Under Édouard Herriot, who as well as being French Prime Minister three times, was Mayor of Lyon for more than 50 years, labour relations in the city improved considerably.
Herriot considered workers deserved a building more practical and appropriate than an old theatre and, in the 1930s, oversaw the building of a new Bourse du Travail in the third arrondissement.
The new Bourse du Travail was designed by Charles Meysson in the art-deco style and was completed in 1935.
It sits at an angle to Place Guichard, creating the illusion, reinforced by a series of small hexagonal windows, of a hexagonal structure, although in fact it is conventionally rectangular in shape. It is built from concrete and its function is announced above the principal entrance in the crude block lettering characteristic of the art-deco aesthetic.
One of the Bourse du Travail’s most impressive features is a vast mosaic, which, despite being 26 metres in length, is almost tucked away on one side of the building.
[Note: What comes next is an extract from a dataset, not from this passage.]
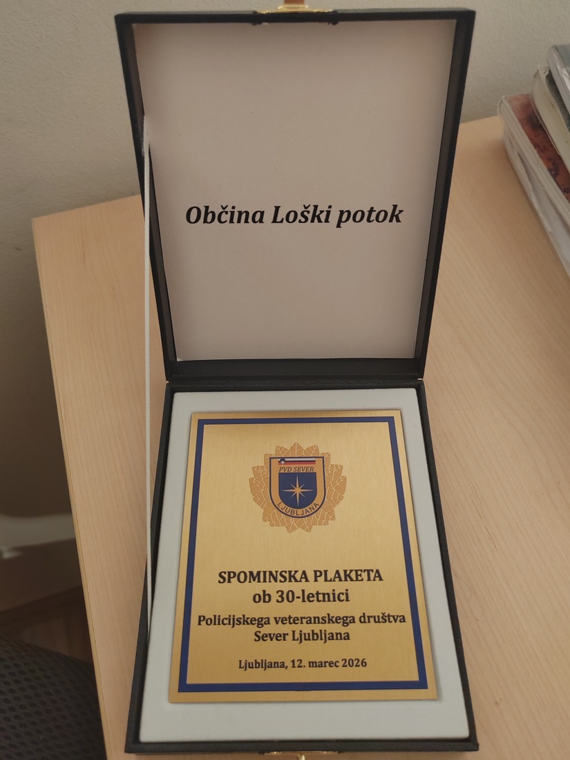 Občina Loški Potok prejela spominsko plaketo Policijskega veteranskega društva Sever Ljubljana

The mosaic, designed by Lyon-born painter Fernand Fargeot, is comprised of 11,000 coloured fragments applied directly to the wall by 36 artists. Its theme is “the city enhanced by work”: it depicts a crowd representative of all the traditional trades, as well as the service and middle-class professions. In amongst these trades the architect can be found, as can Herriot himself.
It is ironic that, at the time when Lyon’s workers were given the honour of having prestigious new premises built for them at the heart of the city, the role that labour exchanges played in training workers and finding jobs was being taken over by the State, thus rendering such institutions defunct.
Lyon’s Bourse du Travail is still emblematic of the worker’s movement — a 2015 visit there made by Emmanuel Macron to promote his economic reforms was widely viewed as a “provocation”, for example — but it is now far better known as a concert hall and theatre.